Social media has become a professional and personal communication tool so much so that most of us wonder how we ever got along without it. This week, Joan talks about how it can affect us, sometimes negatively, particularly around the holidays, and what we can do about it.
Q. What’s your take on social media?
Joan: For most of us, checking our social media accounts is as much a part of our daily routine as bathing and brushing our teeth. A touch on a screen instantly connects us to people we may not have spoken to in years.
It’s easy to get caught up in the social world. Popular sites like Facebook, Twitter, and Instagram, plus a host of many others, provide the opportunity for us to witness family vacations, a friend’s momentous occasion, and even traumatic situations such as divorce, sickness and death.
Q. So how can this turn into something negative?
Joan: While viewing photos of a friend’s precious new baby, a relative’s recent exotic trip, or a co-worker’s romantic wedding may not appear to be an activity that can bring a person down, research suggests otherwise.
Recent studies have shown that social networking is linked to depression and social isolation, and it has been shown to create feelings of envy, insecurity and poor self-esteem. One study reported that one in three Facebook users feel more dissatisfied with their own lives after browsing the social-media networking site than they did before logging in.
Q. What has been your experience on social media?
Joan: While not scientific, if I was to conduct a study of my own life and experience, I would say that I couldn’t agree more.

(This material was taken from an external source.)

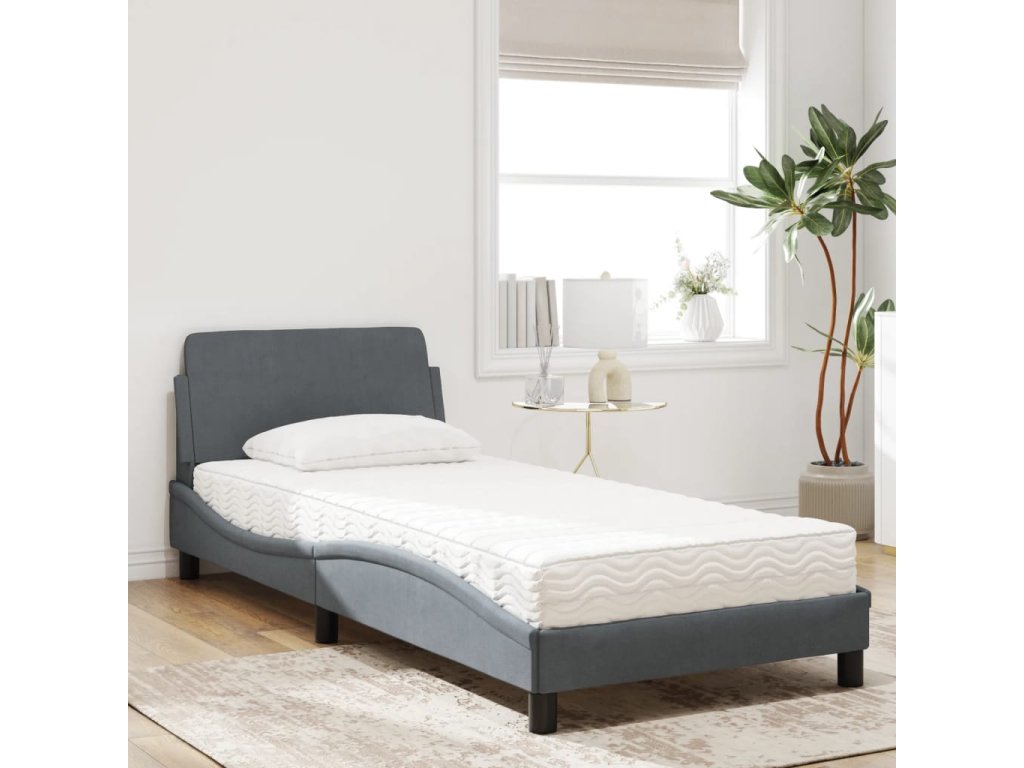 Postel s matrací Dover tmavě šedá 90 x 190 cm samet 3208312

Over the course of the past eight years, I have experienced tremendous highs and debilitating lows. And, each time, whether high or low, that I spent time on a social media site, I left the site feeling sad.
I can recall many times throughout the past few years that I would be sitting home alone, whether it be on a Saturday night or during a holiday season and felt tremendous anguish after seeing the posts of others. I compared my life to the stories that were being portrayed; the stories that I longed for … the stories that I believed to be true.
Viewing the lives of others through a social media lens provides a distorted view of reality. But, when a person experiences the emotional results of such a projection, the view appears very real.
Q. You do need to have a regular appearance on social media, so how did you handle it?
Joan: It took me awhile, but I finally figured out that what was being posted is not every day reality, but rather someone’s “highlight reel”. The high points of their life. And, we all have one of those!
A clearer picture of what social media really is has helped me immensely. I am now able to scroll through with a less believing eye. I understand that what is being posted is the highlight of someone’s day, week, month or year. It is not their average moments.
But, even with that realization, I had to discern why I was spending so much time on social media. What was I gaining or losing, and was it helping or hindering my connection to others and my overall emotional health. This analysis has helped me balance my time and adjust my expectations. This self-analysis can help you gain insight into your behavior and motives and perhaps, will enable you to create a more positive experience.
Q. Give us an idea of how we would go about this assessment.
Joan: First, ask yourself why you are spending time on social media. Are you lonely? Do you want to build relationships? Is it for professional reasons? Are you procrastinating? Are you longing to connect with old friends or to stay in touch with those that live far away? Once you determine what you are looking for you can then set realistic goals.
Then, analyze how using social media makes you feel. Do you feel left out when you follow someone on Twitter and she doesn't follow you back? Do you feel unloved if you do not receive “likes” or “comments” on a post? Does it make you feel jealous of others? Do you think less of yourself? Does it make you too wrapped up in world events?
Q. No one wants to feel bad when dealing with social media, so what do you suggest?
Joan: If you determine that social networking may not be the best thing for you or that it may be causing you social media depression, here are a few suggestions that may make it a better experience:
Remember that you’re seeing a person’s “A game”. Resist the urge to compare your life with those of other people in your social networks. It’s a cropped, photo-shopped image of a highlight moment.
Remind yourself that it may not be all that it appears to be. Sometimes the person posting is trying to meet his/her needs by creating an image of a reality that doesn’t exist. Ask yourself: is the person creating a fantasy because his/her life isn’t as great as it seems. Are they lacking something? I always wonder why a happily married couple has the need to publicly profess their undying love to each other via social media and not just roll over and quietly say, “I love you.” Is the relationship that great or are they trying to make it appear great?
Limit your time on social media. Control the amount of time you spend in the virtual world. Engage in activities outside of the digital world.
Cultivate intimate relationships. Increase your interaction with people directly. If social media causes you to feel disconnected, depressed or lonely, spend more time with people. Get out of the house and get moving. Online communication is very different from face-to-face interactions. Talk over the phone or meet in person. Having positive, secure relationships is associated with high levels of self-esteem and resiliency, fosters feelings of connectedness, and decreases depression and anxiety.
Social media can be a great way to stay in connected to others, but when it makes you feel less social, it may be time for a detox.